With its most powerful machine being a relatively small eight-processor system, Dell hasn't been able to tackle the high-end market and its masses of CPUs.

That will change at the end of 2002, when Dell introduces a new server architecture it calls the "brick," said Kevin Libert, director of Dell's Enterprise Systems Group, speaking at IDC's Enterprise Server Vision conference. Each brick is a four-processor computing module that's connected to several others by way of upcoming high-speed communication technology.

While high-end servers such as Sun's E10000 and its upcoming StarCat use proprietary interconnection methods to join the CPUs into a single server, Dell will rely on industry standard techniques, Libert said--perhaps upcoming versions of Ethernet networking, but more likely the InfiniBand technology that's almost a reality.

But technological obstacles make it hard to get acceptable performance from InfiniBand when used in such a way, said Illuminata analyst Jonathan Eunice. The current proprietary designs used for SMP have proved much harder to dethrone than many had thought.

Eunice said he's not very optimistic about the use of InfiniBand for SMP. "It may be possible in the future," he said, "but it sounds very theoretical at present."

The key problem, according to Eunice, is the delay when a processor communicates with remote memory. With current SMP designs, that ranges between 300 to 600 nanoseconds (billionths of a second), but with InfiniBand, it takes about 1,000 to 2,000 nanoseconds, Eunice said.

"Dell is looking at this never having built those big systems. Everyone that comes to SMP believes that they are going to lick the dragon better than anyone else that came along. They all find out that the dragon is one tough beast," Eunice said. "At Sun, five years after they introduced the first SMPs, the third and fourth processors (in a four-processor SMP server) still reduced system performance."

But if Dell succeeds, it has the potential to put the squeeze on the high-end products from Sun, IBM, Compaq and Hewlett-Packard. Libert said he expects Dell's approach to cost about a tenth of those proprietary designs.

Dell traditionally tries to upset the dynamics of the computer industry by jumping into markets where products are made of standard building blocks, not customized designs. The company prides itself on being able to manufacture and sell those standardized systems more cheaply than competitors. It has employed that strategy to fight its way to the top of the desktop computer market and the top of the U.S. server market.

High-end servers are prize products to sell, and not only because their price tag often exceeds $1 million. The servers also often tow along deals for storage systems, lower-end servers, and installation and support services.

Key to Dell's plan is how well the connection between bricks works, because one processor can't afford to wait very long while trying to fetch data from memory located on the other side of the system. InfiniBand, expected to arrive in a few products at the end of this year, is the most likely method to link the bricks together, Libert said.

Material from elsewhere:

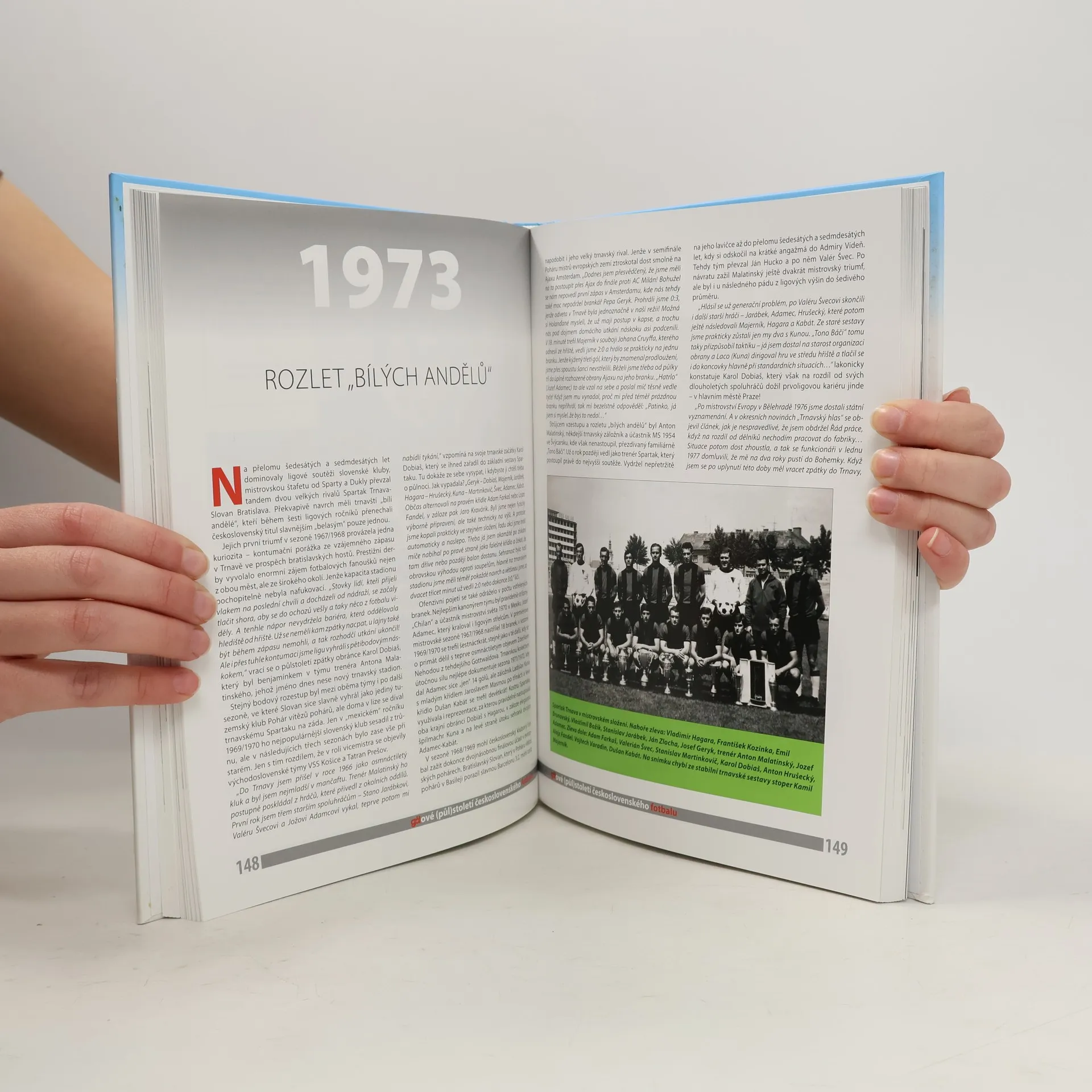 Kniha spojuje a zároveň oslavuje dvě letošní kulatá výročí – sto let od založení Československa a půlstoletí existence nejstaršího tuzemského časopisu. Co rok, to příběh z fotbalového prostředí. Nevšedního úkolu se ujali tři zkušení muži - novináři Miloslav Jenšík, Jaroslav Kolář a Václav Tichý, kteří zažili fotbal z různých pozic a mnohé z toho, o čem píší, zažili na vlastní kůži. Co třeba najdete ve stovce příběhů? Jak paní Sedláčková narušila olympiádu v roce 1924 v Paříži, proč fotbalová reprezentace v baráži s Maďarskem v prosinci 1969 střídala při vedení 4:0 minutu před koncem svého brankáře? O Panenkově penaltě z Bělehradu 1976 bylo napsáno vše, ale jak finále a jeho dozvuky po návratu prožil jediný československý fotoreportér Stanislav Tereba, který málem přišel o práci, asi zná málokdo. Jak se Vladimíru Šmicerovi odvděčil kouč Benítez za vítězství Liverpoolu v Lize mistrů? Co zlomového se přihodilo v kabině před zápasem s Řeckem na EURO 2012 v Polsku, že Češi na soupeře „vlítli“ a za šest minut dali dvě branky? A samozřejmě mnoho dalších zajímavostí, vždy s doprovodnými fotografiemi. Pokud nebyly z některého roku k „mání“ nebo ve špatné kvalitě, tak je plnohodnotně zastoupily originální kresby Petra Urbana a Milana Kounovského.

But eventually, standard Ethernet could suffice as well, he said. In four or five years, Ethernet will likely transfer data at 100 or 1,000 gigabits per second, meaning that the raw speed could overcome some of Ethernet's disadvantages. Libert calls this situation "brute-force dynamics," likening the challenge to screwing in a screw when you don't have the proper tool: "If you don't have a screwdriver and do have a big enough hammer, that sucker is going in," he said.

Another change is in store at Dell. Like rivals IBM, HP, Sun and Compaq, Dell is working on "bladed" server designs, which tightly stack many servers into a single enclosure like books in a bookshelf. Each server is an electronics board with processors, memory, a network connection and, potentially, disk drives.

Blades allow computing resources to be packed very densely into computing centers for tasks such as serving up Web pages or converting content so it fits on a cell phone screen. Libert said blade systems will likely ship in larger quantities than more conventional rack-mounted servers in 2003.